### Problem details:
Exact copy, no pictures: reproduce every record below as it stands.

### Data shown:
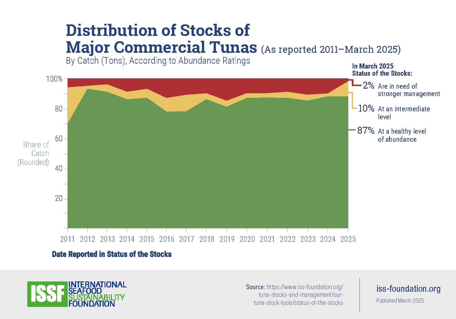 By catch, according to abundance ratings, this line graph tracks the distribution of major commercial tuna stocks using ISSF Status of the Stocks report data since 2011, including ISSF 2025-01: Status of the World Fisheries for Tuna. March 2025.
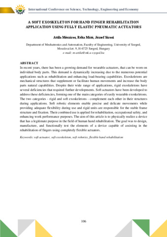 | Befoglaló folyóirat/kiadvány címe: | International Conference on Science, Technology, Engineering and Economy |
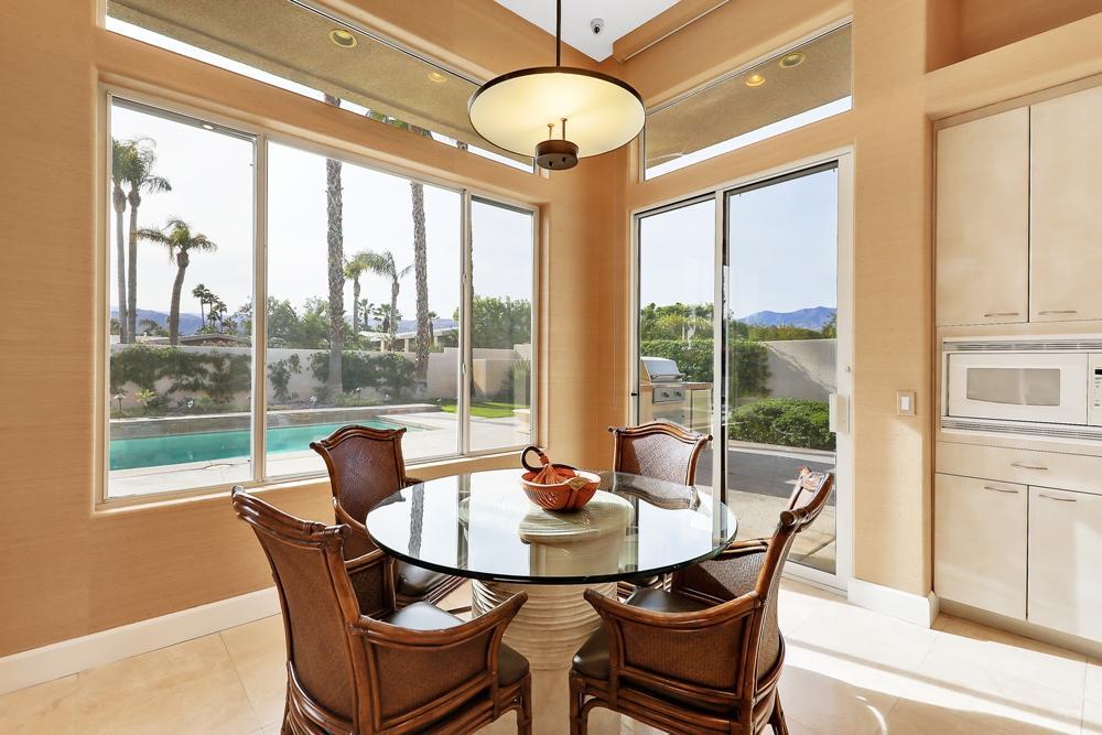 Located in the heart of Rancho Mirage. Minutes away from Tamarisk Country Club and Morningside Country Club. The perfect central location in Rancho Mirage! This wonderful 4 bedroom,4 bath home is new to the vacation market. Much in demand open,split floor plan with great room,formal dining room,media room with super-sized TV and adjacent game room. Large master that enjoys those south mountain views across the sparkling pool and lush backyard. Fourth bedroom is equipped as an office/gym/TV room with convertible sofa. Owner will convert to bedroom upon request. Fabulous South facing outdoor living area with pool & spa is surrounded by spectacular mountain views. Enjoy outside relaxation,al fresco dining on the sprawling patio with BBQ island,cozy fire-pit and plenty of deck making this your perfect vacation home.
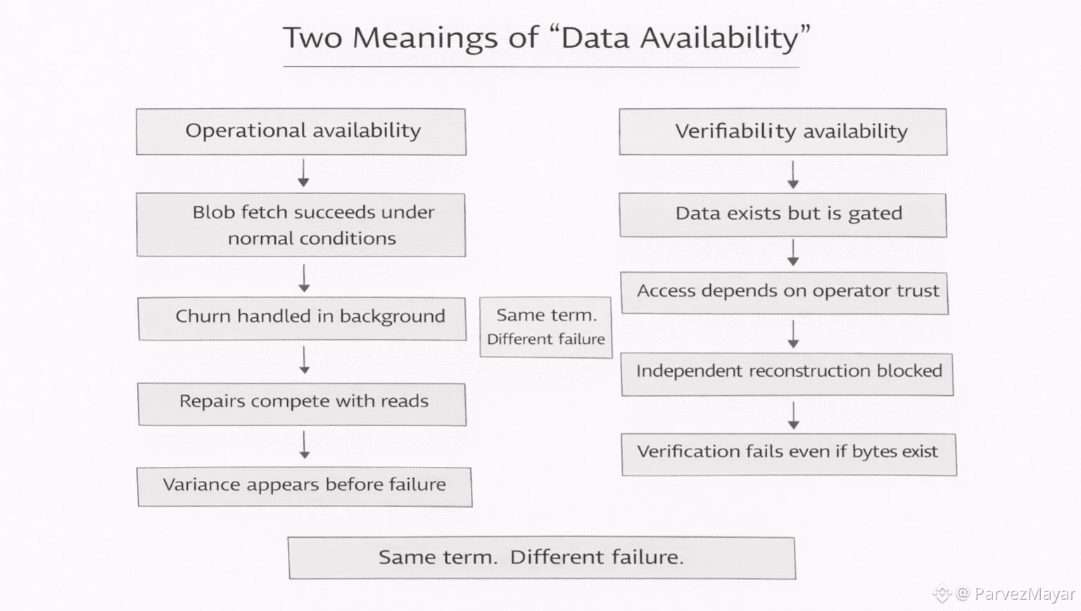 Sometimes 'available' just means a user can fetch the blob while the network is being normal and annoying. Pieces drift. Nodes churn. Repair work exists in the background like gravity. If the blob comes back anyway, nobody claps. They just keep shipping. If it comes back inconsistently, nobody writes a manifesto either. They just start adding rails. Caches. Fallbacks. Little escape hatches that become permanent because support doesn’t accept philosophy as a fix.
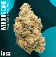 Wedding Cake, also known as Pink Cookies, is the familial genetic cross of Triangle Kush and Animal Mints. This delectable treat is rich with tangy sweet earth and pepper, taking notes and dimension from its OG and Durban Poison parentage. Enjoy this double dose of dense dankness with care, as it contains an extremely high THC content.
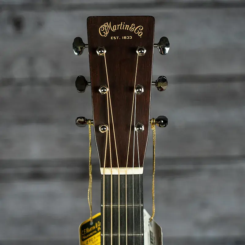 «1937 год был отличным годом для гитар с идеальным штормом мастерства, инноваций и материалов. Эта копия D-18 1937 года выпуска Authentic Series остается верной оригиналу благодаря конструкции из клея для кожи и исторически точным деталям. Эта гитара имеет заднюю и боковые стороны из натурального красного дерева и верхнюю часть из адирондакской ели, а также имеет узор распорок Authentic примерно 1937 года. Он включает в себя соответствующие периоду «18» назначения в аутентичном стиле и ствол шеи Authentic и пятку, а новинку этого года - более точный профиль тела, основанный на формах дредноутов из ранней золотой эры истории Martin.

### Task answer:
 By catch, according to abundance ratings, this line graph tracks the distribution of major commercial tuna stocks using ISSF Status of the Stocks report data since 2011, including ISSF 2025-01: Status of the World Fisheries for Tuna. March 2025.
 | Befoglaló folyóirat/kiadvány címe: | International Conference on Science, Technology, Engineering and Economy |
 Located in the heart of Rancho Mirage. Minutes away from Tamarisk Country Club and Morningside Country Club. The perfect central location in Rancho Mirage! This wonderful 4 bedroom,4 bath home is new to the vacation market. Much in demand open,split floor plan with great room,formal dining room,media room with super-sized TV and adjacent game room. Large master that enjoys those south mountain views across the sparkling pool and lush backyard. Fourth bedroom is equipped as an office/gym/TV room with convertible sofa. Owner will convert to bedroom upon request. Fabulous South facing outdoor living area with pool & spa is surrounded by spectacular mountain views. Enjoy outside relaxation,al fresco dining on the sprawling patio with BBQ island,cozy fire-pit and plenty of deck making this your perfect vacation home.
 Sometimes 'available' just means a user can fetch the blob while the network is being normal and annoying. Pieces drift. Nodes churn. Repair work exists in the background like gravity. If the blob comes back anyway, nobody claps. They just keep shipping. If it comes back inconsistently, nobody writes a manifesto either. They just start adding rails. Caches. Fallbacks. Little escape hatches that become permanent because support doesn’t accept philosophy as a fix.
 Wedding Cake, also known as Pink Cookies, is the familial genetic cross of Triangle Kush and Animal Mints. This delectable treat is rich with tangy sweet earth and pepper, taking notes and dimension from its OG and Durban Poison parentage. Enjoy this double dose of dense dankness with care, as it contains an extremely high THC content.
 «1937 год был отличным годом для гитар с идеальным штормом мастерства, инноваций и материалов. Эта копия D-18 1937 года выпуска Authentic Series остается верной оригиналу благодаря конструкции из клея для кожи и исторически точным деталям. Эта гитара имеет заднюю и боковые стороны из натурального красного дерева и верхнюю часть из адирондакской ели, а также имеет узор распорок Authentic примерно 1937 года. Он включает в себя соответствующие периоду «18» назначения в аутентичном стиле и ствол шеи Authentic и пятку, а новинку этого года - более точный профиль тела, основанный на формах дредноутов из ранней золотой эры истории Martin.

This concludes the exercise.